[Stored data]
:::

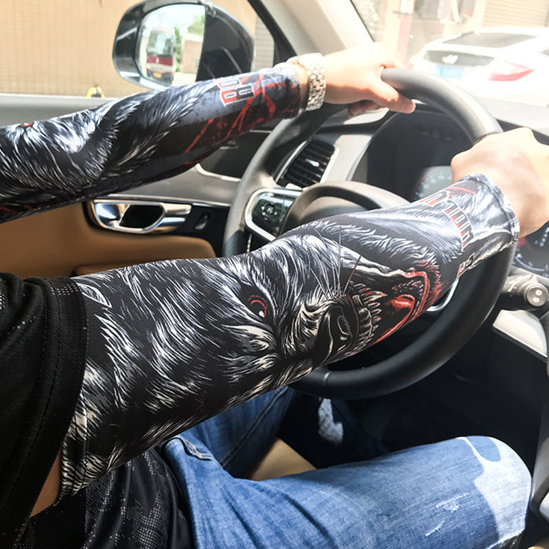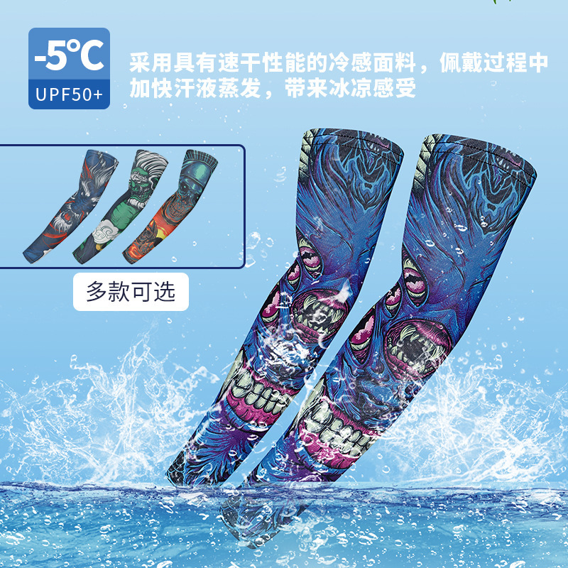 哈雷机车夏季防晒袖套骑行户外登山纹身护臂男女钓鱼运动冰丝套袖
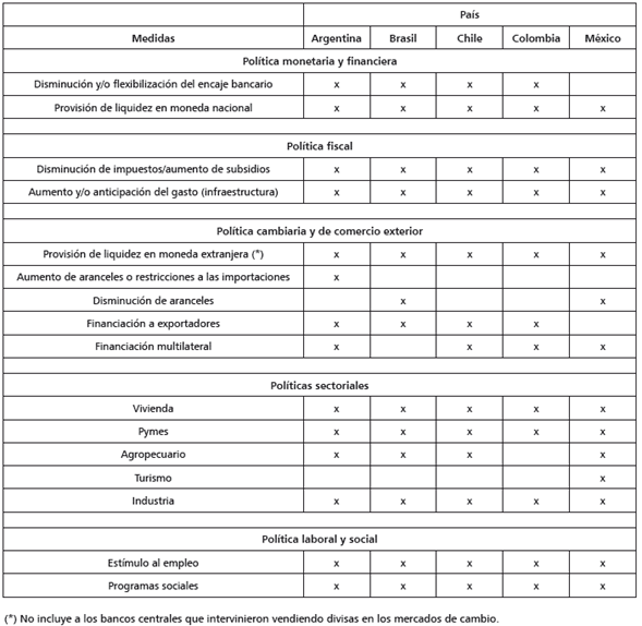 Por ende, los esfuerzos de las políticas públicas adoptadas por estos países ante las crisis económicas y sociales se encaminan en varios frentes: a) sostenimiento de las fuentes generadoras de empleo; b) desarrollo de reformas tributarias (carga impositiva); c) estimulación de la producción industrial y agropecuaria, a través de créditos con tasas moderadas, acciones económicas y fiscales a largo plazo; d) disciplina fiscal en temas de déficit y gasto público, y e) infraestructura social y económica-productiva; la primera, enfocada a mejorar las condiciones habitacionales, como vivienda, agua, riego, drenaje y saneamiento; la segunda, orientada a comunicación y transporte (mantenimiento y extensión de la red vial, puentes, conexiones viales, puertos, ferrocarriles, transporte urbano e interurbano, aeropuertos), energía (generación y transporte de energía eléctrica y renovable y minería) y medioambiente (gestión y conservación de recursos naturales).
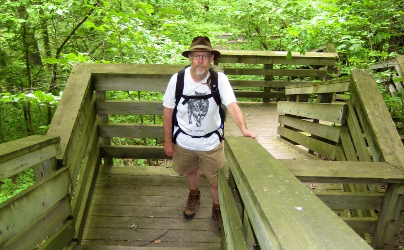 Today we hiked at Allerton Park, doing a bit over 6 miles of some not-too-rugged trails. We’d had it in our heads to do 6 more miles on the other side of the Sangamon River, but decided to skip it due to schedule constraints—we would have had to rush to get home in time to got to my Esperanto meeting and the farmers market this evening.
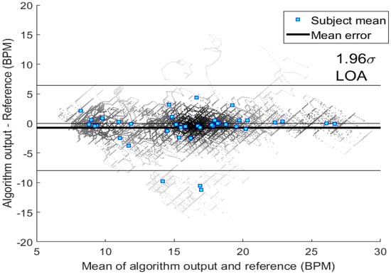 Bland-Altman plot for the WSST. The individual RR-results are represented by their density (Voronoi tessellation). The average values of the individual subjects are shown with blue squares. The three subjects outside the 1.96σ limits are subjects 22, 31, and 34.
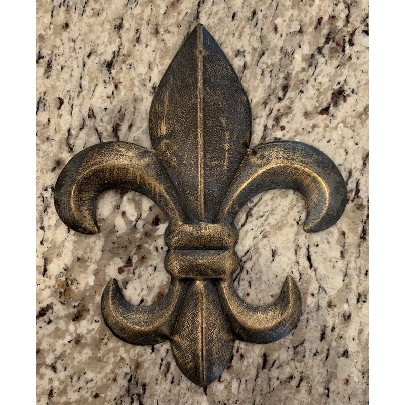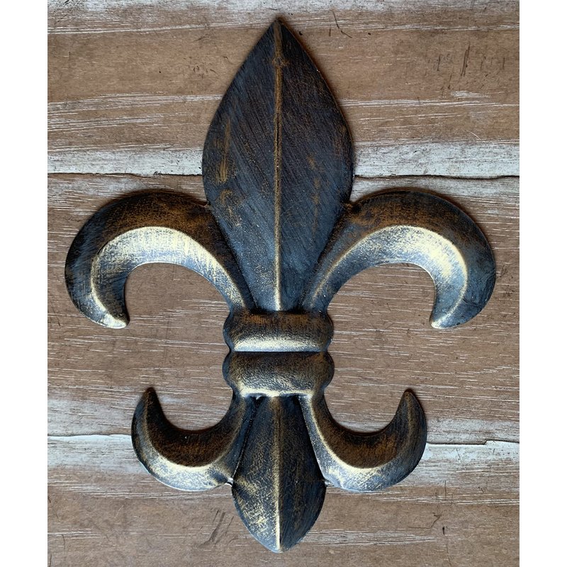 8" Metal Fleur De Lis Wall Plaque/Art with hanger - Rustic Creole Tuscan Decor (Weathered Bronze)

:::

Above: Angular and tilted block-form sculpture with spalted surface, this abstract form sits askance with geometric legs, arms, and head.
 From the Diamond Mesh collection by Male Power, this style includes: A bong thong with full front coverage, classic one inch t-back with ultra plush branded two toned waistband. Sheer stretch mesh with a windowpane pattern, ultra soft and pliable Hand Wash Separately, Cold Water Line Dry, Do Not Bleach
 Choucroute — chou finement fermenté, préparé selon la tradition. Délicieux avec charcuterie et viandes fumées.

:::

[Work order] Copy the listing above exactly, but only from the line with "Today we hiked" through the line with "Decor (Weathered Bronze)", including those two lines and excluding any picture.

[Solution to this problem]
 Today we hiked at Allerton Park, doing a bit over 6 miles of some not-too-rugged trails. We’d had it in our heads to do 6 more miles on the other side of the Sangamon River, but decided to skip it due to schedule constraints—we would have had to rush to get home in time to got to my Esperanto meeting and the farmers market this evening.
 Bland-Altman plot for the WSST. The individual RR-results are represented by their density (Voronoi tessellation). The average values of the individual subjects are shown with blue squares. The three subjects outside the 1.96σ limits are subjects 22, 31, and 34.
 8" Metal Fleur De Lis Wall Plaque/Art with hanger - Rustic Creole Tuscan Decor (Weathered Bronze)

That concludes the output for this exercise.